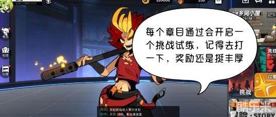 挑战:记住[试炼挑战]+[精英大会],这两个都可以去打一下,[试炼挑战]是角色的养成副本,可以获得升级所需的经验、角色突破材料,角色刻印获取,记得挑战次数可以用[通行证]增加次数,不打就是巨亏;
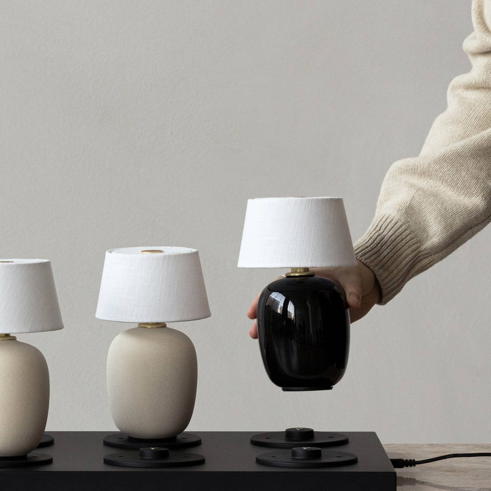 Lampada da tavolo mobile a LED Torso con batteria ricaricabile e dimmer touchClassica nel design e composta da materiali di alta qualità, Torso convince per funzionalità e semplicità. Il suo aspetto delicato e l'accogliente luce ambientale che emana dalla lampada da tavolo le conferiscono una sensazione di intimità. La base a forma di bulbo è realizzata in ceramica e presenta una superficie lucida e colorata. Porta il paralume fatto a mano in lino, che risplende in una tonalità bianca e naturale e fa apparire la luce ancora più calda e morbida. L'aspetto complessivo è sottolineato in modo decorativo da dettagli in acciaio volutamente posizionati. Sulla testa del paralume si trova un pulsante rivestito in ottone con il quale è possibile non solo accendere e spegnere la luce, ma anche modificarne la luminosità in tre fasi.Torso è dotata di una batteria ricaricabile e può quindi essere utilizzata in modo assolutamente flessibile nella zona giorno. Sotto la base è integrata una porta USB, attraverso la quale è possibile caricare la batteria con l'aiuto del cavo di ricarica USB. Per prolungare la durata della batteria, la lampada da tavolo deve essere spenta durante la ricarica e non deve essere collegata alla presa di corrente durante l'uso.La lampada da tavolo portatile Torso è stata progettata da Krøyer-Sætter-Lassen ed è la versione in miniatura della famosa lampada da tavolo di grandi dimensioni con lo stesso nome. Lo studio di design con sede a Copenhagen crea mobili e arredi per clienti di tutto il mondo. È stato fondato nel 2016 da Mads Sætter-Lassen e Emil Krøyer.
··········
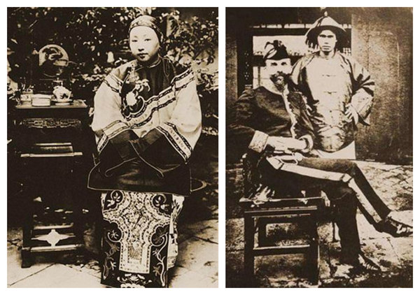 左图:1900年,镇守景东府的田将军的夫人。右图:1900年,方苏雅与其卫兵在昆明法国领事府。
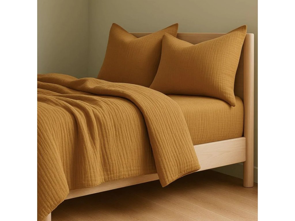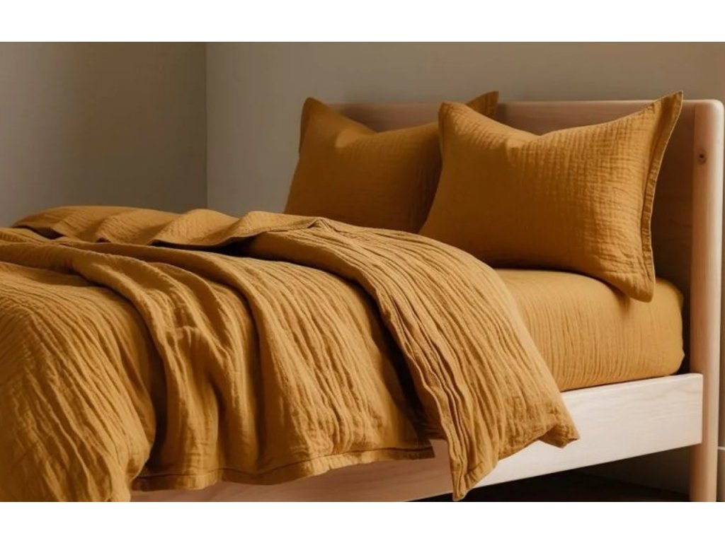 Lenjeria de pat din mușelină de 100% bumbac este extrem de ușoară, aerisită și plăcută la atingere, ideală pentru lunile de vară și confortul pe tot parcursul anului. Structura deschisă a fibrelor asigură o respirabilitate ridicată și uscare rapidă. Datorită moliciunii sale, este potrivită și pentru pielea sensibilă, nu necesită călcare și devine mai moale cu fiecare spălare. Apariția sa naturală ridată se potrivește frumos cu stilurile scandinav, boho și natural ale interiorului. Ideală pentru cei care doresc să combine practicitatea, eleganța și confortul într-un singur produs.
··········
▶ _Work to be completed_
Exactly the lines starting at the one above with "左图:1900年,镇守景东府" and ending at the one with "Lenjeria de pat" should be printed, and nothing else. Omit the pictures.

▶ _Answer space_
 左图:1900年,镇守景东府的田将军的夫人。右图:1900年,方苏雅与其卫兵在昆明法国领事府。
 Lenjeria de pat din mușelină de 100% bumbac este extrem de ușoară, aerisită și plăcută la atingere, ideală pentru lunile de vară și confortul pe tot parcursul anului. Structura deschisă a fibrelor asigură o respirabilitate ridicată și uscare rapidă. Datorită moliciunii sale, este potrivită și pentru pielea sensibilă, nu necesită călcare și devine mai moale cu fiecare spălare. Apariția sa naturală ridată se potrivește frumos cu stilurile scandinav, boho și natural ale interiorului. Ideală pentru cei care doresc să combine practicitatea, eleganța și confortul într-un singur produs.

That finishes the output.